ДЖЕЙМС РАССЕЛ ЛОУЭЛЛ

Соединенные Штаты произвели авторов немало; среди некоторых имен, возможно, не самых известных на популярном языке, есть два или три имени их поэтов; но они едва ли дали миру более одного литератора — рассудительного, судебного, бескорыстного, терпеливого, счастливого, умеренного, восхищенного. Колониальные дни, с «болезненными» священнослужителями, которые принесли приход в пустыню; экспериментальный период амбиций и попыток литературы, которая должна быть молодой, как почва, и намного моложе расы; годы гражданской войны, с литературой, которая соответствовала самосознательному и неэкспертному героизму армии; — ни один из этих периодов национальной жизни не мог быть достойно представлен литератором.

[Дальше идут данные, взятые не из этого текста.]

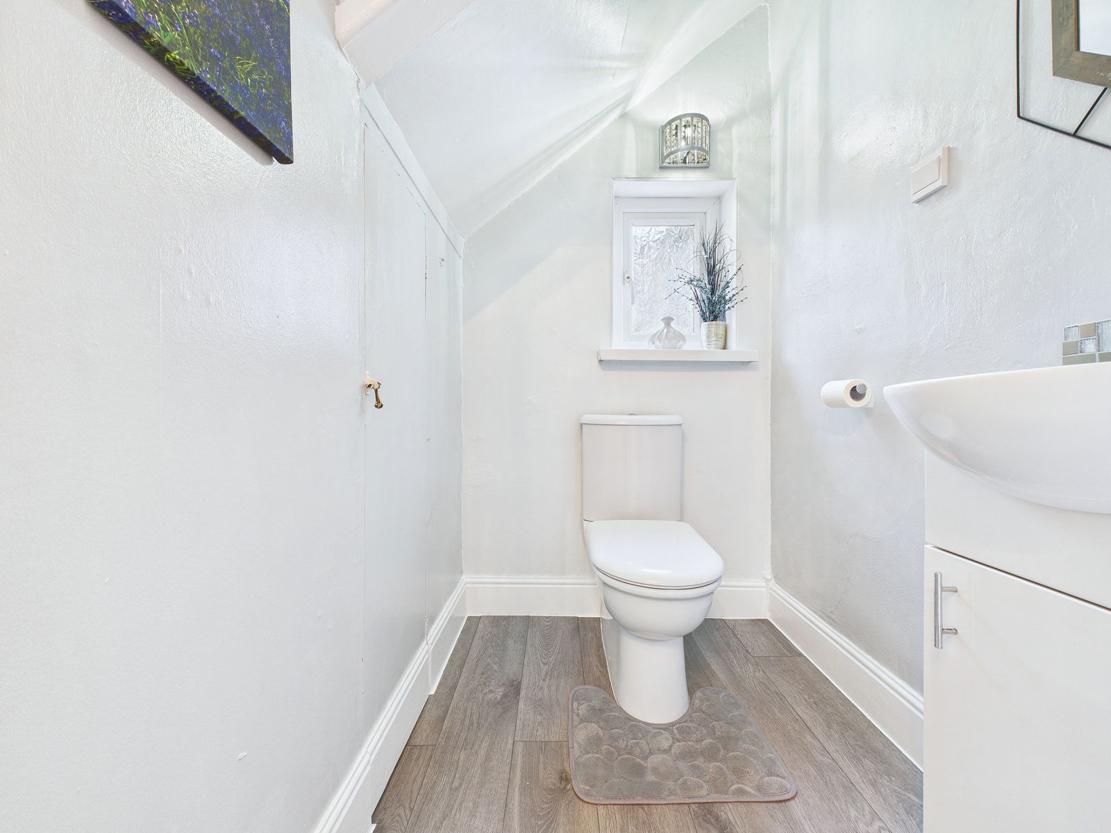 LARGE ENTRANCE HALLWAY A very grand hallway and spacious, two uPVC windows, radiator, door into cloak with low level WC and wash basin with vanity surround and obscure window to side.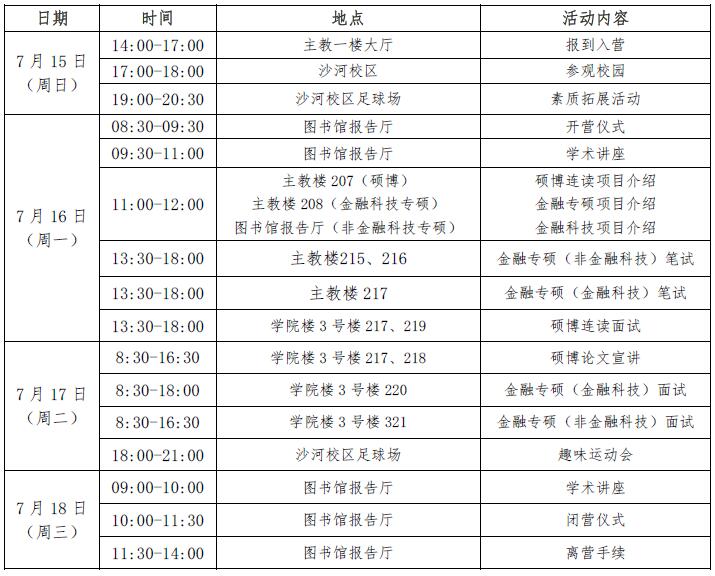 根据学校整体安排,第七届“全国卓越金融学子夏令营”将于2018年7月15-18日在沙河校区举行。

И хотя Джеймс Рассел Лоуэлл был современником «трансценденталистов» и человеком среднего возраста, когда Юг отделился, и хотя, действительно, его слава как янки-юмориста должна быть различима сквозь дым и пыль, сквозь серьезность и бурлеск войны, ясно на другой стороне, все же он был фактически дитя национального досуга, умеренности и образования, американец семидесятых годов и далее. Он представлял малопризнанный факт, что в зрелости, а не в сырости, заключается превосходство американцев — превосходство, которым они должны довольствоваться, чтобы делиться с современными нациями, как бы дорого им ни стоило отказаться от мы не знаем каких скачущих амбиций, которые они никогда не преуспели в определенном описании словами. Мистер Лоуэлл был опровержением заблуждения, что американец никогда не может быть достаточно американцем. Он стоял в одном ряду со студентами и критиками среди всех наций, и ничто не отмечает его трансатлантические условия, кроме, возможно, того, что его ученость немного тревожна и не хотела бы казаться таковой; он обогащает свои фразы суетливо, и все же хотел бы казаться спокойным; он заставляет свои аллюзии ступать тесно одна за другой, и есть предполагаемая небрежность, и плохо скрытая бдительность относительно того, какой эффект их количество и их эрудиция произведут на читателя. Американская чувствительность принимает с ним ту самую приятную форму; его стиль признается больше, чем он думает, в любви к слабости национального тщеславия, и просит незнакомца время от времени: «Ну, что вы думаете о моей стране?»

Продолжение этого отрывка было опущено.